Тебя любят все двенадцать

И тринадцатая я.

У твоей, Вею, гармошки

Голос звонче соловья.

Что тут говорить, действительно, у Вею было много подружек. И надо сказать: у него не двенадцать подружек было, а двенадцать по двенадцати. Посчитайте-ка: у нас в округе двенадцать деревень, в каждой если двенадцать девушек — сколько наберется? Конечно, не все считались они его, но все они мечтали о нем, все хотели стать его милой. Пусть бы он сказал

только одной из них, пообещал двоим из них, клятвенно уверял трех, обманул бы все двенадцать — все равно только ему верили, все равно лишь бы он был на белом свете.

Вот какой был тогда Вею!

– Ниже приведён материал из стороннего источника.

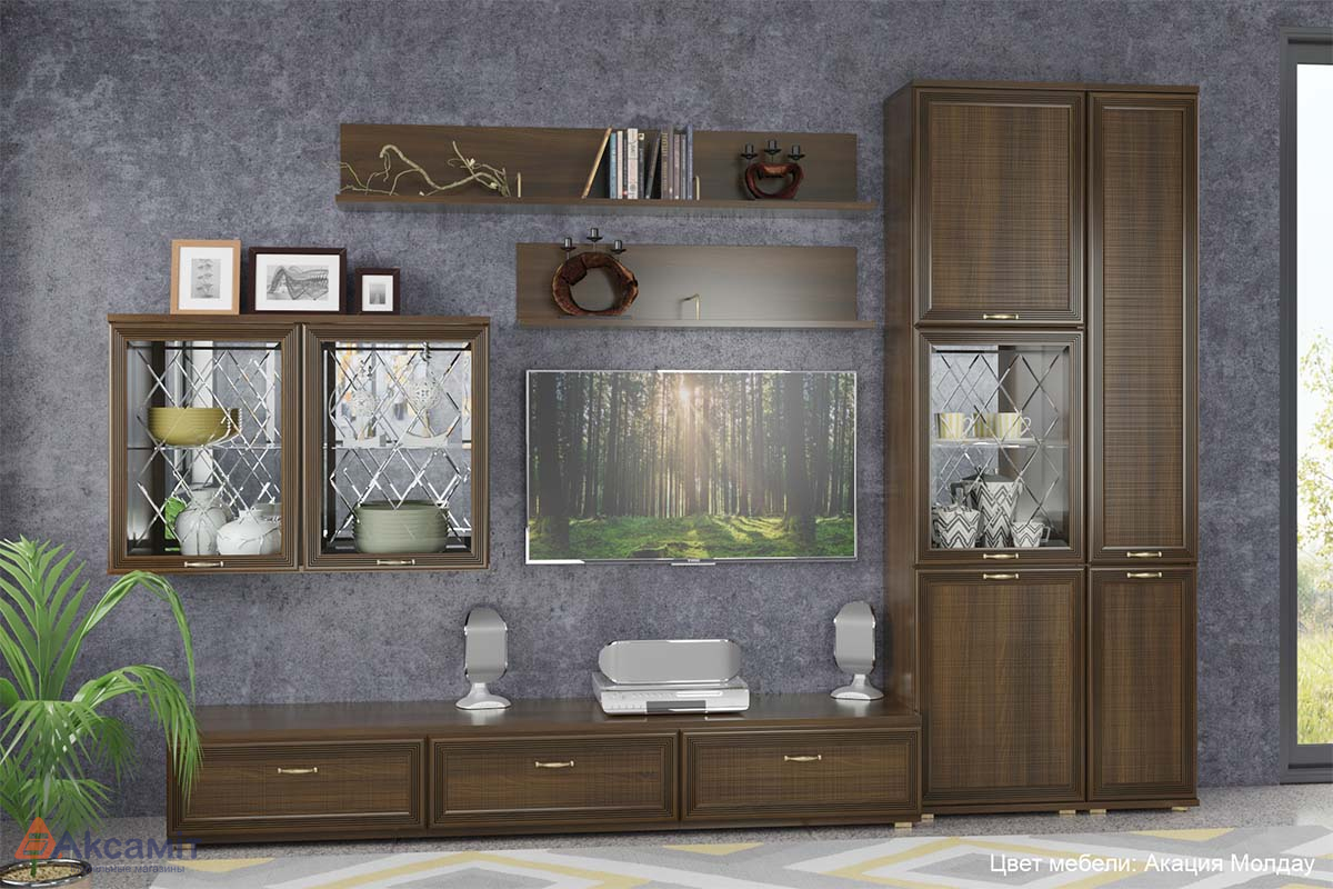 Корпусная мебель для гостиной "Карина" - это модульная мебель. Коллекция включает в себя более 70-ти оригинальных модулей, созданная с их помощью композиция отлично впишется в любое помещение. Программа «Карина» позволит создать уют и гармонию в гостиной.

Никакому парню не доставалась такая слава, и сейчас ни одному парню даже во сне не приснится такая почесть. Он купался в славе, как нынче мы купаемся в речке, он пил эту славу-нектар, как мы сейчас по утрам пьем молоко. Вот каков был Вею тогда! Хороший из хороших, красивый из красивых, всем гармонистам гармонист, умнейший из умных, самый нужный человек из всех!

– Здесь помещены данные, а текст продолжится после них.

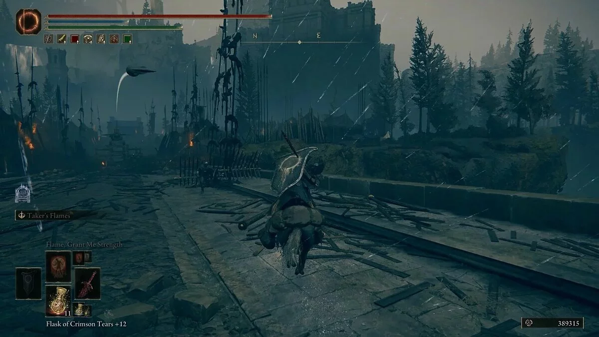 Добравшись до места благодати, следуйте по дороге на северо-восток через Великие Ворота. На мосту будут находиться пара рыцарей, но настоящая угроза — это баллиста на противоположной стороне, которая может нанести огромный урон и сбросить вас с Торрента. Старайтесь уклоняться в разные стороны, чтобы случайно не получить стрелу.

Пусть многие явно и тайно мечтали о нем, сам же Вею думал об одной-единственной из всех, и из своей же деревни. Глаза ее — как майское небо, волосы — как смоль. Это была красавица Елук. И в кого уродилась такая? Вообще у марийцев редко встречаются смуглые да черные. В большинстве они белые да русые. А Елук резко отличалась от своих подружек. И лицом, и характером, и манерой держаться. Многие на нее заглядывались, но все получали от ворот поворот. Решительная, смелая, резкая. Скажет — сделает. Раз увидишь ее — хочется смотреть и смотреть. Такая она была молодая да пригожая. Вею провожает одну девушку — думает о ней, возьмет руку другой девушки — представляет, что это рука Елук, сядет на колени к третьей девушке — мечтает, что сидит на коленях Елук. Он не то чтобы не разрешал взглянуть на нее другим парням — сам стеснялся поднять на нее глаза…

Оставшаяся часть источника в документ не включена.